The following topics are outside the scope of this document: electronic health record (EHR) adoption, accreditation requirements for health information technology criteria, EHR certification, EHR human factors science, establishing health information exchanges and interoperability requirements, submission of mandatory quality reporting criteria, hand-off communication requirements, perioperative team communications, requirements to complete data analytics, and patient access to personal health information.

Evidence Review

A medical librarian conducted a systematic search of the databases MEDLINE®, CINAHL®, and the Cochrane Database of Systematic Reviews. The librarian also conducted a non-systematic search of the Scopus® database. Results were limited to literature published in English from January 2011 to June 2015. During the development of the guideline, the lead author requested additional articles that either did not fit the original search criteria or were discovered during the evidence appraisal process, and the lead author and the medical librarian identified relevant guidelines from government agencies and standards-setting bodies. At the time of the initial search, the librarian established weekly alerts on the search topics and until October 2015, presented relevant alert results to the lead author.

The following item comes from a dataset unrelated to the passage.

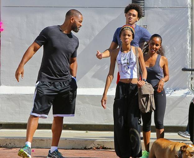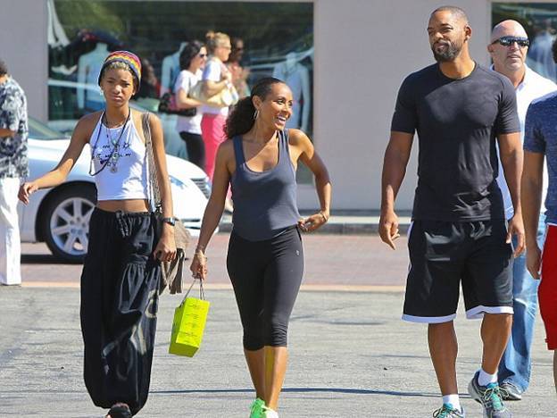 Пара в окружение своих детей, а именно виновницы следствия Уиллоу и сына Уилла от предыдущих отношений Трея, покидала один из супермаркетов Малибу.
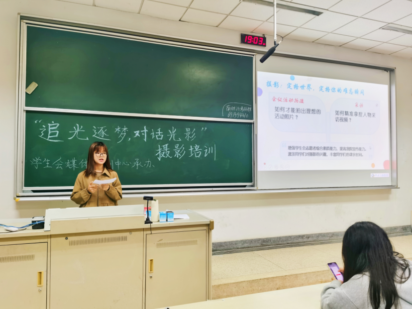 为提高学院团学活动照片质量,10月27日,信息工程学院在德业楼111开展 “追光逐梦,对话光影”摄影培训会。本次培训会由学院学生会媒体融创中心志愿者陆怀湘主持,校青媒影像制作部孔欣雨主讲。

Search terms included the subject headings and keywords medical informatics, nursing informatics, documentation, information management, medical records, electronic health records, computerized patient records, information storage and retrieval, forms and records control, computer-assisted decision making, operating room information systems, hospital information systems, health information exchange, clinical decision support systems, interoperability, systems integration, data mining, and informed consent. The concepts of standardized terminologies were included with a broad subject-heading controlled vocabulary as well as individual headings and keywords for relevant standardized terminologies. Subject headings and keywords related to government regulations included government regulation, meaningful use, Health Insurance Portability and Accountability Act, HIPAA, Health Information Technology for Economic and Clinical Health, American Recovery and Reinvestment Act, Affordable Care Act, and Medicare and Medicaid Electronic Health Care Record. The keywords big data, electronic signature, charting by exception, variance charting, electronic medical record, EHR, Health Level Seven International, HL7, and EMR also were included in the search, as were terms related to the concepts of data collection, retention, storage, and governance.

Articles identified by the search were provided to the lead author and an evidence appraiser. Excluded were non-peer-reviewed publications and evidence from other disciplines when evidence from the perioperative setting was available (Figure 1). The lead author and the evidence appraiser reviewed and critically appraised each article using the AORN Research or Non-Research Evidence Appraisal Tools as appropriate. The literature was independently evaluated and appraised according to the strength and quality of the evidence. Each article was then assigned an appraisal score. The appraisal score is noted in brackets after each reference, as applicable.

Figure 1
Flow Diagram of Literature Search Results

Flow Diagram of Literature Search Results

Adapted from Moher D, Liberati A, Tetzlaff J, Atman DG; The PRISMA Group. Preferred reporting items for systematic reviews and meta-analyses: the PRISMA statement. PLoS Med. 2009;6(6):e1000097.

Each recommendation rating is based on a synthesis of the collective evidence, a benefit-harm assessment, and consideration of resource use. The strength of the recommendation was determined using the AORN Evidence Rating Model and the quality and consistency of the evidence supporting a recommendation. The recommendation strength rating is noted in brackets after each recommendation.

Note: The evidence summary table is available at

Editor’s note: MEDLINE is a registered trademark of the US National Library of Medicine, Bethesda, MD. CINAHL, Cumulative Index to Nursing and Allied Health Literature, is a registered trademark of EBSCO Industries, Birmingham, AL. Scopus is a registered trademark of Elsevier B.V., Amsterdam, The Netherlands.